--- What to work on ---
Within the entries below, output exactly the lines between the line containing "- Set Completo" and the line containing "一大早,二醫(yī)院的內(nèi)外科", inclusive, and omit any picture.
# # # #
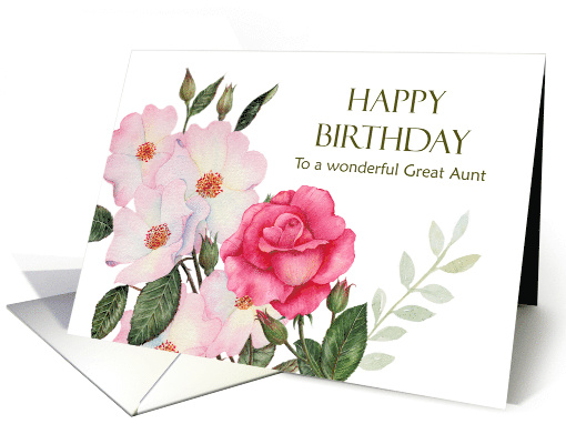 | Title: | For Great Aunt on Birthday Watercolor Pink Roses Illustration |
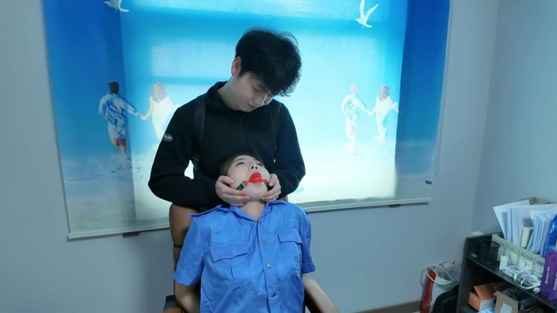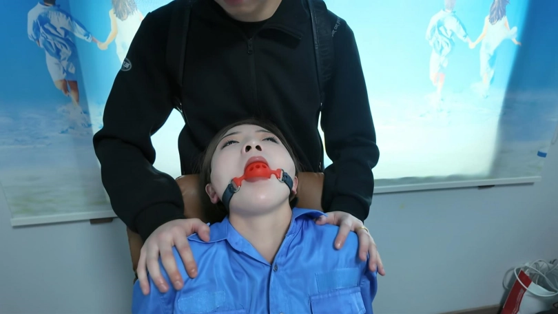 妈妈在办公室准备下班,没想到儿子到办公室找妈妈,谁知道儿子是带着想和妈妈玩捆绑游戏的目的来的,先辰=趁妈妈不注意,给妈妈带上手铐,有堵嘴,推到另外一个房间,期间差点让妈妈同事发现,还好赶快撕开封闭妈妈的嘴,糊弄同事走了,谁知道同事走之后,儿子还是不肯放手,不停抚摸妈妈,还一直拉动股绳,弄得妈妈呻吟不断,最后瘫软到椅子上
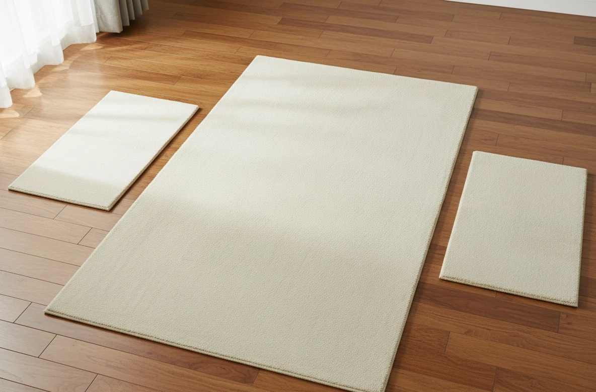 - Set Completo 3 Pezzi: Include un tappeto centrale più grande e due tappeti laterali coordinati.
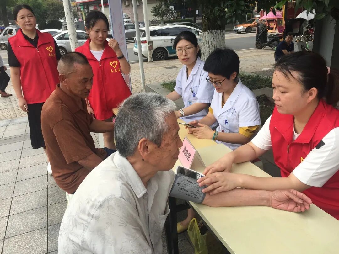 一大早,二醫(yī)院的內(nèi)外科專家和志愿者們來(lái)到了清石獻(xiàn)血屋前為附近居民提供健康咨詢并免費(fèi)測(cè)定血壓和血糖。街上人頭攢動(dòng),跳廣場(chǎng)舞、買菜的阿姨們紛紛加入到健康咨詢中,義診有條不紊地進(jìn)行著。
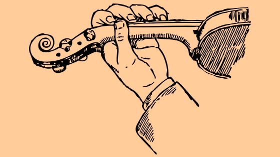 Рука находится в конце шейки скрипки. Держим шейку скрипки, не зажимая её, между первой фалангой большого и третьей фалангой указательного пальцев.
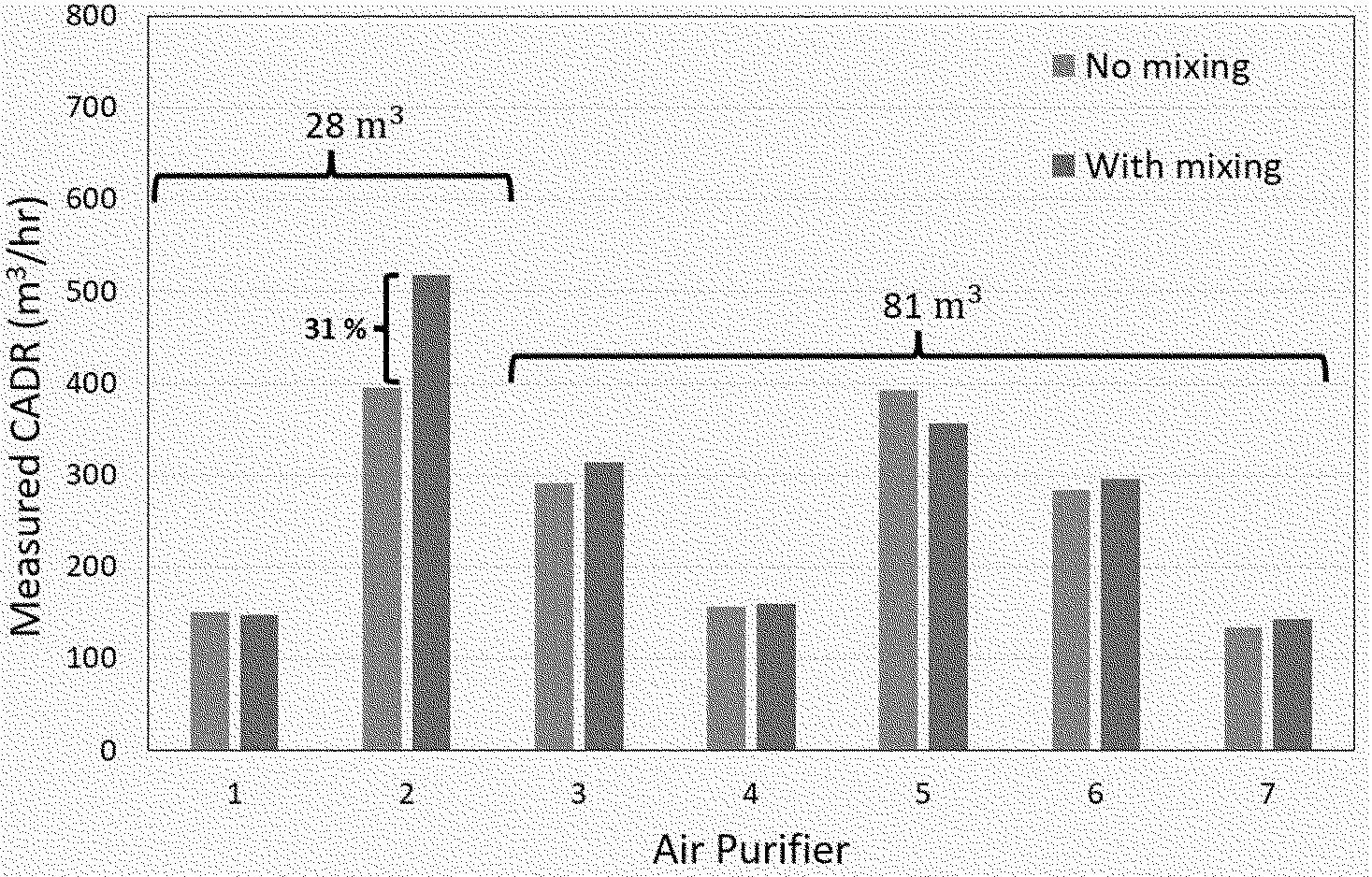 , with and without mixing. For some products the use of a recirculation fan (mixing) resulted in minimal changes in CADR, while for other products it resulted in an increase of CADR by up to 32%.
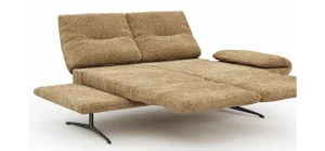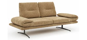 Das Sofa Lucero 2.0 ? 2?Sitzer in Cognac-Stoff von Global Select verbindet elegantes Design mit traufgenauem Komfort: Kaltschaum und Stahlwellenfedern im Sitz sorgen für belastbaren Sitzkomfort, die Rückenlehne mit Gummigurten und Schaumstoff passt sich ergonomisch an. Drehsitz, Rollout?Armlehne und verstellbare Sitztiefe bieten flexible Nutzungsmöglichkeiten. Schwarzes Kufen?Gestell aus Metall. Sitzhöhe ca. 45 cm, Belastbarkeit 120 kg.
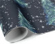 Hand som målas i vattenfärger, grisen träd mönster i mörk blått bakgrund, som ger festiv sprit, bäst för julhelgens presentförpackning
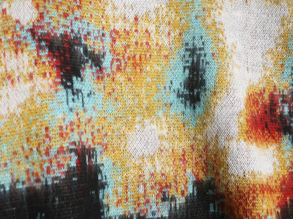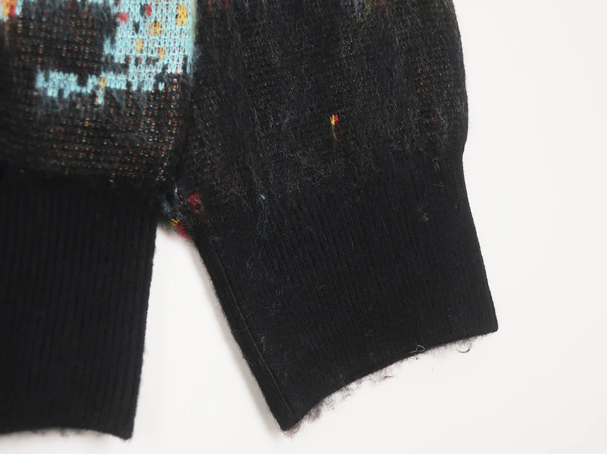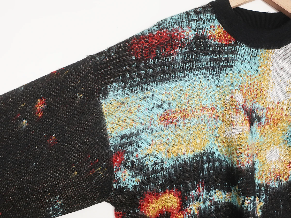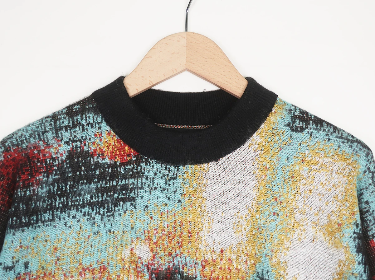 Contemporary Art Jacquard Prime-Over Crew Neck Shaggy Knit Pullover [ MLT1 ]
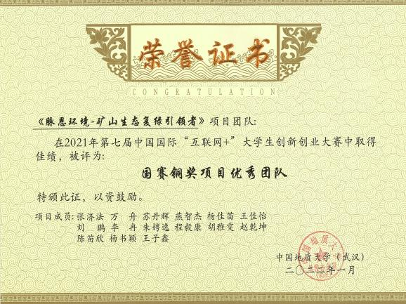 2021年第七届中国国际“互联网+”刮刮卡 生创新创业大赛传统赛道国家级铜奖
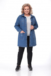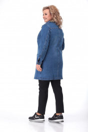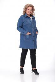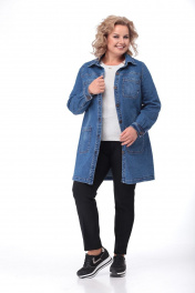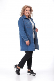 Жакет удлиненный прямого силуэта без подкладки с застежкой петли/пуговицы(болты). По полочкам изделия расположены четыре накладных кармана. На полочках и спинке имеются кокетки, воротник с отрезной стойкой, рукава с ман жетой на застежке.петли/пуговыцы (болты) р-р 44-48:длина по спинке-82 см.,рукав-59см. р-р 50-60:длина по спинке-87см, рукав-61см. бедра 96-128 см. (соотв.р-ру) грудь 88-120 см. (соотв.р-ру) 62р: ог 126, от 126, об 134 В производстве изделий использована джинсовая ткань плотностью 11,5 унций и фурнитура ведущих производителей Турции.
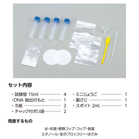 | セット内容 | 試験管15ml×4、スポイト2ml×1、薬さじ×1、チャック付ポリ袋×2、ろ紙×2、ミニジョウゴ×1、DNA抽出のもと(洗濯洗剤)×1 |
# # # #
--- Answer ---
 - Set Completo 3 Pezzi: Include un tappeto centrale più grande e due tappeti laterali coordinati.
 一大早,二醫(yī)院的內(nèi)外科專家和志愿者們來(lái)到了清石獻(xiàn)血屋前為附近居民提供健康咨詢并免費(fèi)測(cè)定血壓和血糖。街上人頭攢動(dòng),跳廣場(chǎng)舞、買菜的阿姨們紛紛加入到健康咨詢中,義診有條不紊地進(jìn)行著。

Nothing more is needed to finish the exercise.